I know absolutely nothing about Brownian motion ( I wish I did) but I looked at Wikipedia, it made some sense how they explain it.

Heir.

It looks like a variation of the Riemann integral to me.

Let me give an example.

Say we want to find the quadradic variation of f(t)=t on the interval [0,1]

So we partition the region (like in the Riemann integral), I am going to be using left-endpoints because that is what they (Wikipedia) use.

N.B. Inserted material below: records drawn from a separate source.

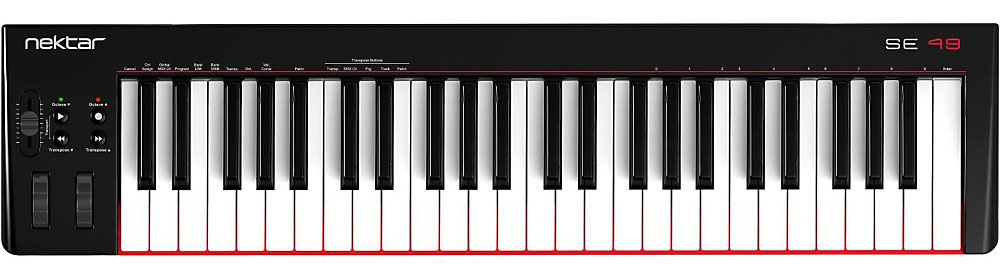 Nektar SE49 это полноразмерный USB MIDI-контроллер с 49 полноразмерными клавишами, колесиками Ptch-bend и модуляции, а также с возможностью использования ножного переключателя. SE49 оснащен кнопками переключения октав, что позволяет транспонировать звучание на 3 октавы вниз или на 4 вверх.
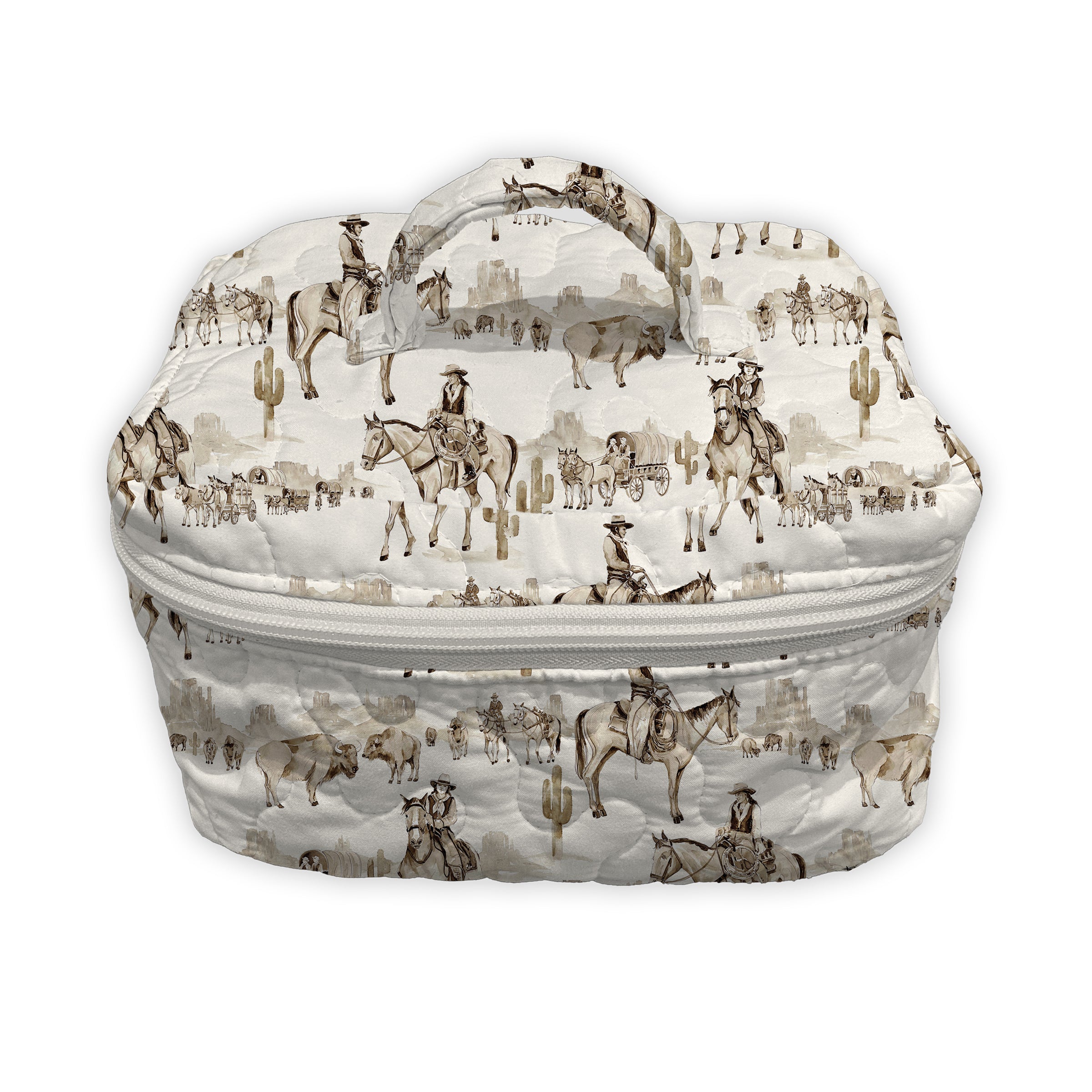 The Elise Trail Brown Quilted Travel Case is one of those pieces you’ll keep for years, the kind your grandma would’ve packed for a weekend away and still have sitting pretty on her vanity. Made to travel gracefully, it keeps your makeup and little necessities tucked neatly in one place, so you’re never digging or rushing. The soft quilted chambray feels timeless, like something stitched with care, and it carries a touch of that Thunderbird heritage with every mile. Practical, pretty, and made to last, just the way things ought to be. Machine washable, too, so you don’t have to fuss none, just a little care, and it’ll last you for years.
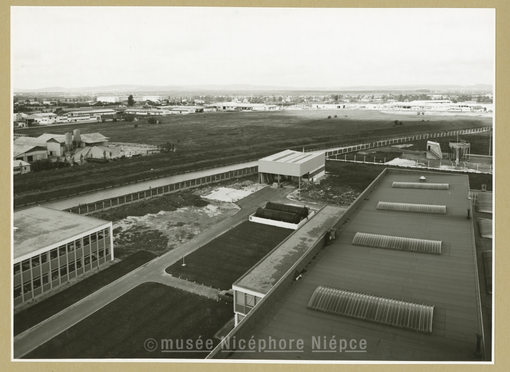La Zône Industrielle Nord-Est de Chalon-sur-Saône, vue en direction du Nord au 1er plan, usine Pinette-Emidecau en haut, à droite : garage Renault, entreprise Terrade Juillet 1968

Thus, divide the region into "n" parts. Each part has 1/n width.

The initial value is

x_0=0

x_1=0+1/n

x_2=0+1/n+1/n

x_3=0+1/n+1/n+1/n

...

You get the idea.

Thus,

x_k = k/n

Where 0<=k<=n-1

(Because of left-endpoints).

Now,

[f(x_1)-f(x_0)]^2=(1/n-0/n)^2=1/n^2

[f(x_2)-f(x_1)]^2=(2/n-1/n)^2=1/n^2

[f(x_3)-f(x_2)]^2=(3/n-2/n)^2=1/n^2

...

[f(x_{n-1}-f_{n-2}]^2=[(n-1)/n-(n-2)/n]^2=1/n^2

Now, we sum them up,

<f>_1 = SUM (of that whole thing) = 1/n^2+1/n^2+...+1/n^2=(n-1)/n^2

Now, we take the limit as n --> infinity.

This clearly goes to zero.

Thus, the quadradic variation of f(t)=t of 1 (meaning on interval [0,1]) is zero.

Now, they mention an interesting theorem.

If f(t) is differenciable, then its quadradic variation is zero.

Precisely what we got, zero.

I hope this helps somehow.